# Stream & Download Problems



## bellbm (Dec 16, 2003)

i have a standalone stream with a basic Roamio, and have been happily downloading and streaming shows to my ipad.

Typically, I would select a few shows to download to my ipad before going to bed,and all shows would be transferred over when I wake up.

I tried this Wednesday night - selecting about 8 hours worth of shows to transfer, and when I woke up (5 hours), only about 2 hours had transferred.
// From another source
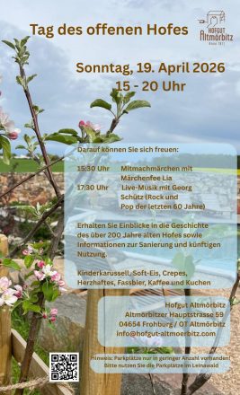 Herzliche Einladung zum Tag des offenen Hofes am 19. April 2026 von 15 - 20 Uhr mit abwechslungsreichen Rahmenprogramm wie einem Mitmachmärchen mit Märchenfee Lia oder Live-Musik mit Georg Schütz, kulinarische Köstlichkeiten und der Besichtigung unseres Hofgutes (Plakat in der Fußzeile unter Service/ Download).
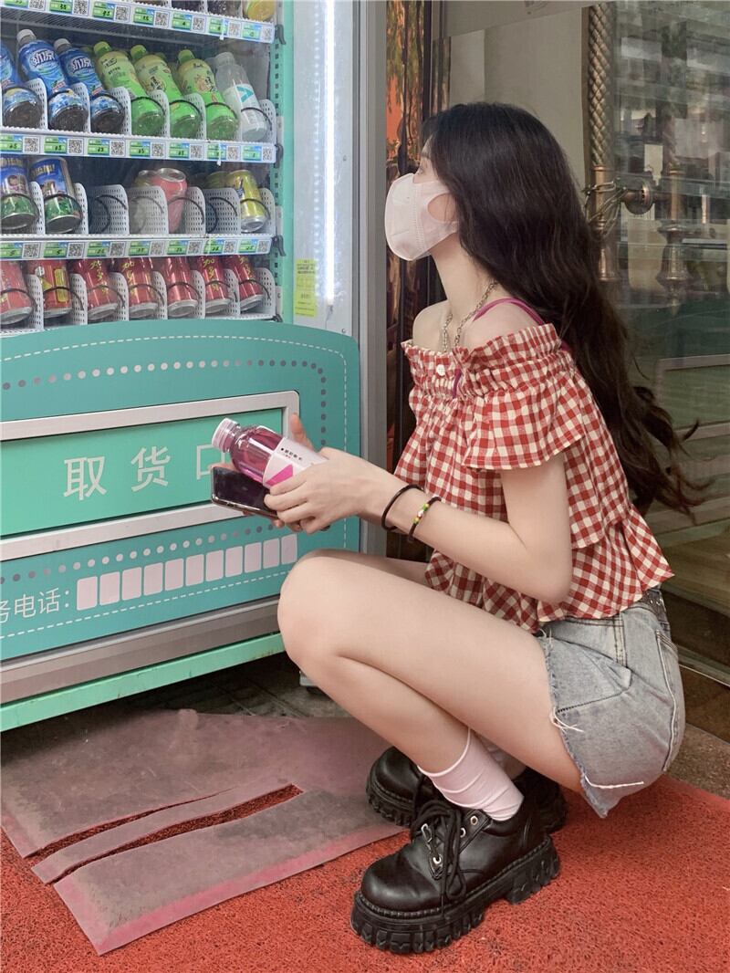 ショートトップス サマー格子柄シャツ 大人ガーリー スウィート キュート カジュアル 夏物 スーパーモール60728606721

Now, when I am using OOH downloads, the show will start downloading, but after a few minutes, the screen flips from the "On my Ipad" tab to "on my DVR", and the download pauses.
I flip back, restart, and same thing.

Any idea what is happening?


----------



## moyekj (Jan 24, 2006)

OOH downloads were broken in previous iOS App release. Make sure you update to latest iOS App version since there was an update a couple of days ago. You will still see "Reconnecting..." message every 5 minutes and the tab switching, but the download now continues instead of being interrupted.


----------



## bellbm (Dec 16, 2003)

Got it to finally download an entire show OOH, but when i go to play it back, it plays for one minute, and then stops.
This is very frustrating and quite the fail on tivo's part


----------



## moyekj (Jan 24, 2006)

bellbm said:


> Got it to finally download an entire show OOH, but when i go to play it back, it plays for one minute, and then stops.
> This is very frustrating and quite the fail on tivo's part


 What quality level was the download? I've had trouble with "Basic" quality downloads freezing during playback so no longer use that quality level for downloads.


----------